**Dataset section**

◆ ◆ ◆

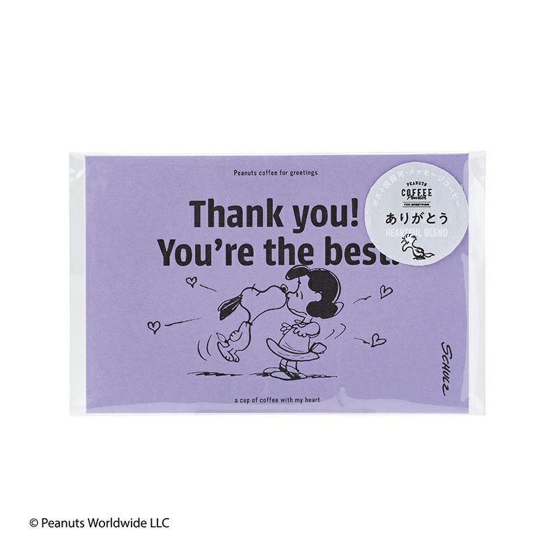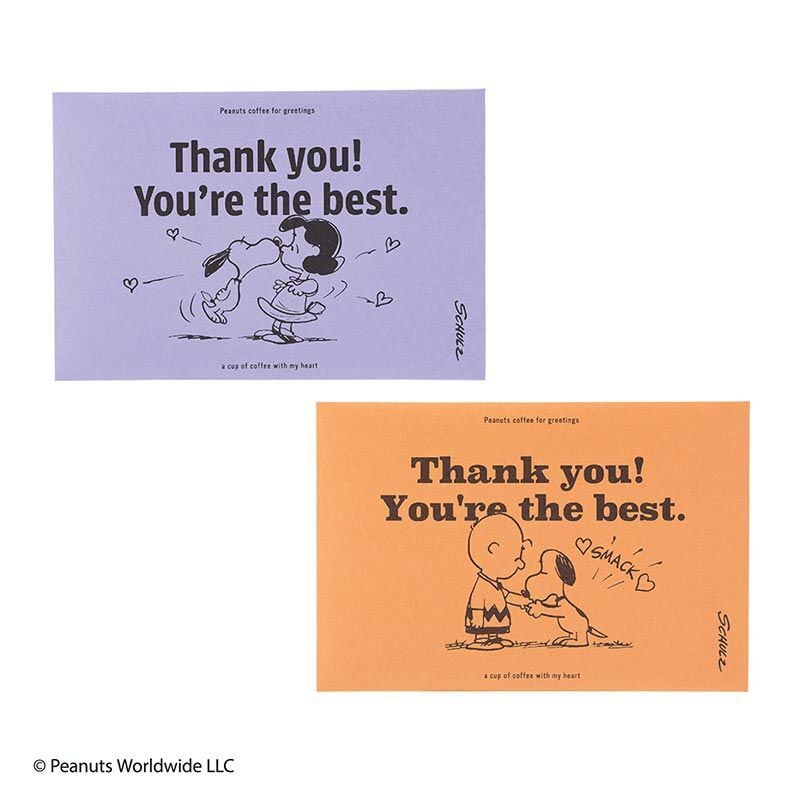 飲み方が書かれた可愛らしいスヌーピー柄のコースター入りで、受け取った人のコーヒータイムをより楽しく彩るでしょう。
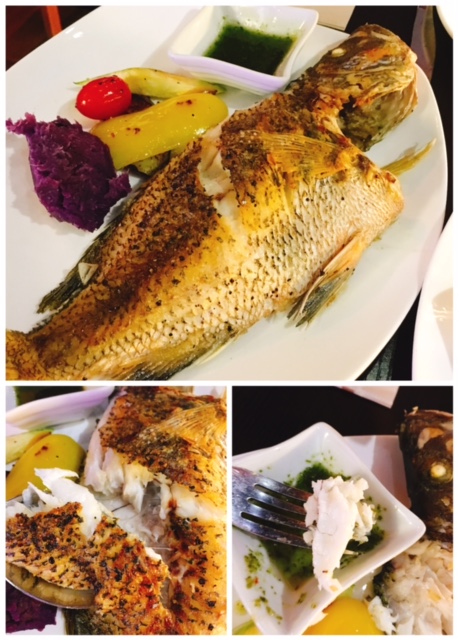 食到呢度, 基本上都已經飽左一大半, 但無理由浪費期待已久既主菜?! 今次點左香燒全條鮮魚配酸甜香草汁, 全條燒既鮮魚唔係好多地方有得食, 餐廳每日會根據買到咩鮮魚而有咩魚供應, 今晚呢條係盲曹, 份量都幾大條, 燒到皮香肉嫩, 好彩魚本身無咩細骨, 食得都好方便, 亦都配以酸甜香草汁, 簡直將味道提昇!
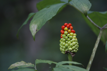コウライテンナンショウ(マムシグサ)の実がなる季節…。

◆ ◆ ◆

Keep every word of the lines above unchanged in the copy, and omit the pictures.

 飲み方が書かれた可愛らしいスヌーピー柄のコースター入りで、受け取った人のコーヒータイムをより楽しく彩るでしょう。
 食到呢度, 基本上都已經飽左一大半, 但無理由浪費期待已久既主菜?! 今次點左香燒全條鮮魚配酸甜香草汁, 全條燒既鮮魚唔係好多地方有得食, 餐廳每日會根據買到咩鮮魚而有咩魚供應, 今晚呢條係盲曹, 份量都幾大條, 燒到皮香肉嫩, 好彩魚本身無咩細骨, 食得都好方便, 亦都配以酸甜香草汁, 簡直將味道提昇!
コウライテンナンショウ(マムシグサ)の実がなる季節…。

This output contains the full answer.